"Why, how are you to judge?" asks the father, amused at the lad's candid prattle, "and where does the difference lie?"

"I can't tell you what it is, or how it is," the boy answered, "only one can't help seeing the difference. It isn't rank and that: only somehow there are some men gentlemen and some not, and some women ladies and some not. There's Jones now, the fifth-form master, every man sees he's a gentleman, though he wears ever so old clothes; and there's Mr. Brown, who oils his hair, and wears rings, and white chokers—my eyes! such white chokers!—and yet we call him the handsome snob! And so about Aunt Maria, she's very handsome and she's very finely dressed, only somehow she's not the ticket, you see."

"Oh, she's not the ticket?" says the Colonel, much amused.

"Well, what I mean is—but never mind," says the boy. "I can't tell you what I mean. I don't like to make fun of her, you know, for after all she's very kind to me; but Aunt Ann is different, and it seems as if what she says is more natural; and though she has funny ways of her own, too, yet somehow she looks grander,"—and here the lad laughed again. "And do you know, I often think that as good a lady as Aunt Ann herself, is old Aunt Honeyman at Brighton—that is, in all essentials, you know?

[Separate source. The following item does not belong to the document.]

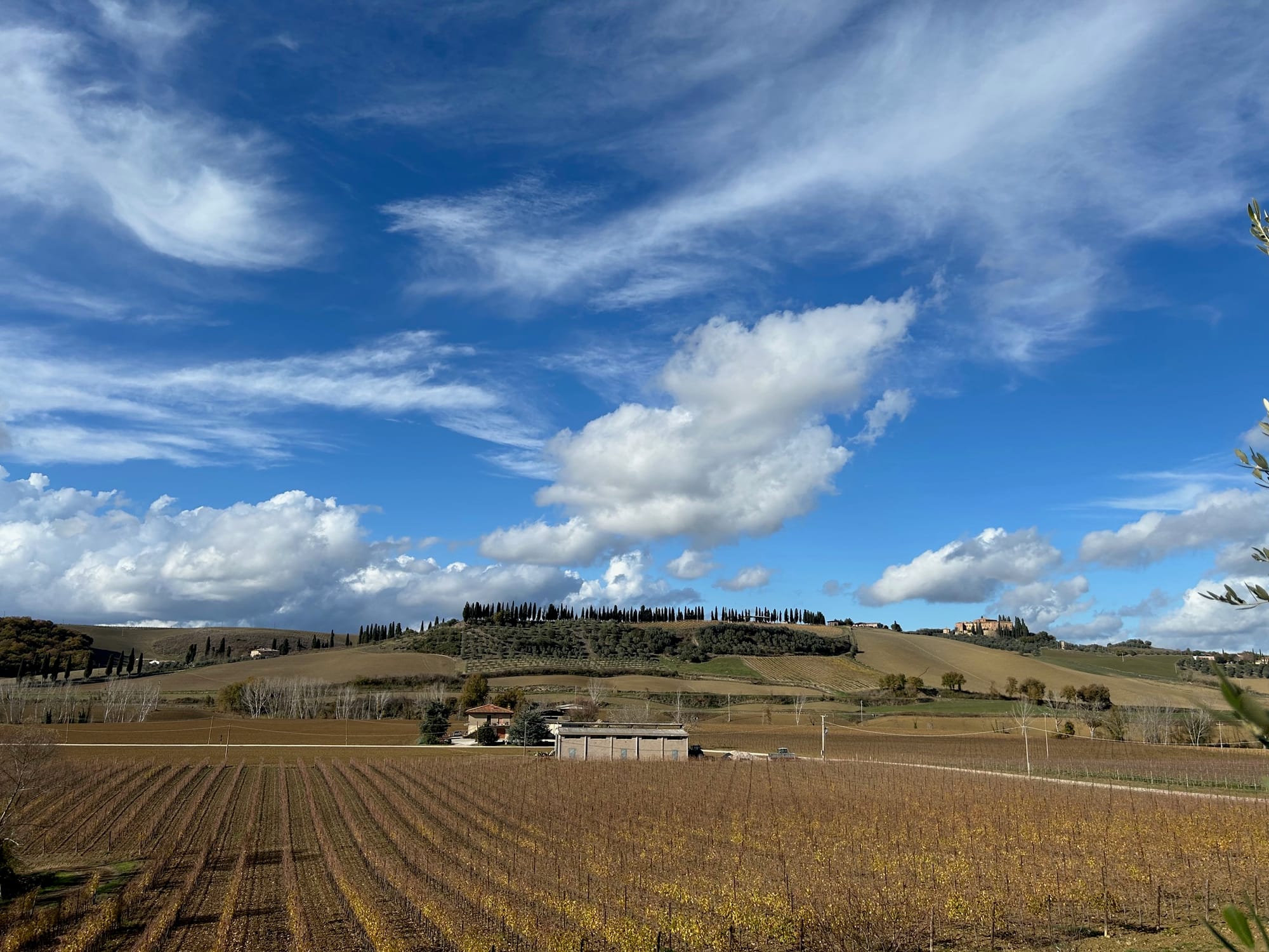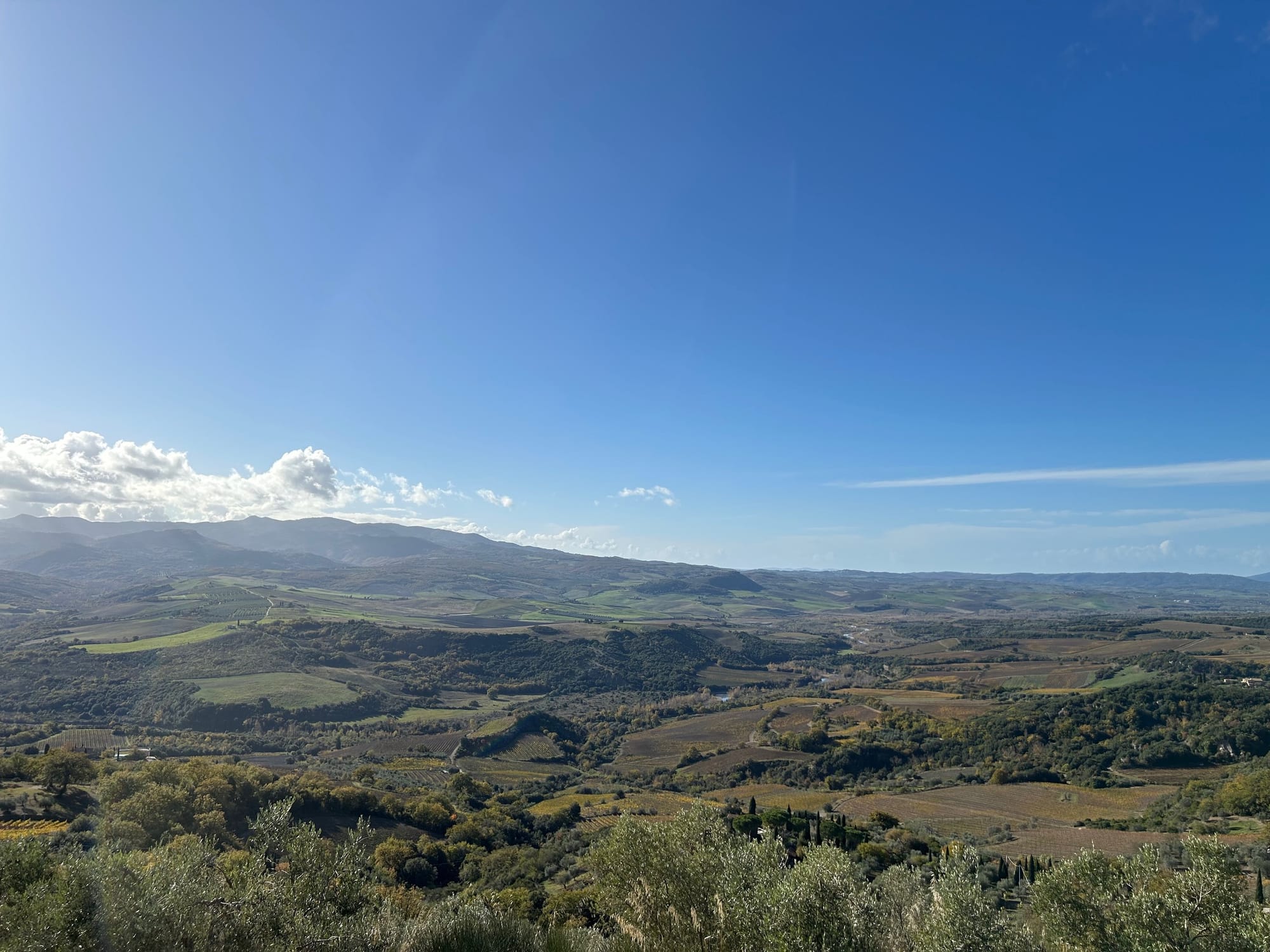 La situation géographique de Montalcino à 40 km au sud de Sienne, à 564 mètres d’altitude bordée par les trois vallées : l’Orcia, L’Asso et l’Ombrone constituent un territoire unique en termes de la biodiversité : de bois, d’oliveraies, de pâturages, de terres arables, bien évidemment la vigne et d’autres cultures et l’élevage.
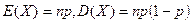 – дискретная случайная величина, распределенная по биномиальному закону с параметрами

And she is not a bit ashamed of letting lodgings, or being poor herself, as sometimes I think some of our family—"

"I thought we were going to speak no ill of them," says the
Colonel, smiling.

"Well, it only slipped out unawares," says Clive, laughing, "but at Newcome when they go on about the Newcomes, and that great ass, Barnes Newcome, gives himself his airs, it makes me die of laughing. That time I went down to Newcome I went to see old Aunt Sarah, and she told me everything, and do you know, I was a little hurt at first, for I thought we were swells till then? And when I came back to school, where perhaps I had been giving myself airs, and bragging about Newcome, why, you know, I thought it was right to tell the fellows."

"That's a man," said the Colonel, with delight; though had he said,
"That's a boy," he had spoken more correctly. "That's a man," cried the
Colonel; "never be ashamed of your father, Clive."

"Ashamed of my father!" says Clive, looking up to him, and walking on as proud as a peacock. "I say," the lad resumed, after a pause—

"Say what you say," said the father.

"Is that all true what's in the Peerage—in the Baronetage, about Uncle Newcome and Newcome; about the Newcome who was burned at Smithfield; about the one that was at the battle of Bosworth; and the old, old Newcome who was bar—that is, who was surgeon to Edward the Confessor, and was killed at Hastings? I am afraid it isn't; and yet I should like it to be true."